**Exercise details:**
Once you reach the line containing "وعقب تقنين الإجراءات" in the data below, restate each line word for word up to and including the one containing "Veronica Beard Jeans".

**Extracted data:**
>>>
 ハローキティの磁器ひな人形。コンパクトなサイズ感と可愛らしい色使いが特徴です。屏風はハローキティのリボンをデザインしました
<<<
>>>
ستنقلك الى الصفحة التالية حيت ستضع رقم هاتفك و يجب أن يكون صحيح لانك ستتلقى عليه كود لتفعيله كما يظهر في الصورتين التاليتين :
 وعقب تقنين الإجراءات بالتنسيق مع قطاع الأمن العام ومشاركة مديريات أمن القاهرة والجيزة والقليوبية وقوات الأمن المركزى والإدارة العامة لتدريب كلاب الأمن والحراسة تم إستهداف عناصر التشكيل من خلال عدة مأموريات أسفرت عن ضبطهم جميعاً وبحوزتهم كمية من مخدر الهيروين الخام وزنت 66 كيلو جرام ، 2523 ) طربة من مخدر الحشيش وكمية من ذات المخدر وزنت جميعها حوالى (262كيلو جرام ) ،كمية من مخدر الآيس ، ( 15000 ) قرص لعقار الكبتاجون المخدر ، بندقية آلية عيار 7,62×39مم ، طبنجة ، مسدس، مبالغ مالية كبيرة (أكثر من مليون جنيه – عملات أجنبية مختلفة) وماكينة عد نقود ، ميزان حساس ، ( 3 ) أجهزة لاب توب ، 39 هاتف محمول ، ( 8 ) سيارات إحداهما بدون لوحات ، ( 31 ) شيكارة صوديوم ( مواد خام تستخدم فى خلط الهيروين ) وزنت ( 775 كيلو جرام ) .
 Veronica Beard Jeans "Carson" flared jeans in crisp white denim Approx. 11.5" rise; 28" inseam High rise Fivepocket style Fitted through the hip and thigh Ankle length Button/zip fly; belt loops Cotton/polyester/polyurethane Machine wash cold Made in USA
<<<
**Written response:**
 وعقب تقنين الإجراءات بالتنسيق مع قطاع الأمن العام ومشاركة مديريات أمن القاهرة والجيزة والقليوبية وقوات الأمن المركزى والإدارة العامة لتدريب كلاب الأمن والحراسة تم إستهداف عناصر التشكيل من خلال عدة مأموريات أسفرت عن ضبطهم جميعاً وبحوزتهم كمية من مخدر الهيروين الخام وزنت 66 كيلو جرام ، 2523 ) طربة من مخدر الحشيش وكمية من ذات المخدر وزنت جميعها حوالى (262كيلو جرام ) ،كمية من مخدر الآيس ، ( 15000 ) قرص لعقار الكبتاجون المخدر ، بندقية آلية عيار 7,62×39مم ، طبنجة ، مسدس، مبالغ مالية كبيرة (أكثر من مليون جنيه – عملات أجنبية مختلفة) وماكينة عد نقود ، ميزان حساس ، ( 3 ) أجهزة لاب توب ، 39 هاتف محمول ، ( 8 ) سيارات إحداهما بدون لوحات ، ( 31 ) شيكارة صوديوم ( مواد خام تستخدم فى خلط الهيروين ) وزنت ( 775 كيلو جرام ) .
 Veronica Beard Jeans "Carson" flared jeans in crisp white denim Approx. 11.5" rise; 28" inseam High rise Fivepocket style Fitted through the hip and thigh Ankle length Button/zip fly; belt loops Cotton/polyester/polyurethane Machine wash cold Made in USA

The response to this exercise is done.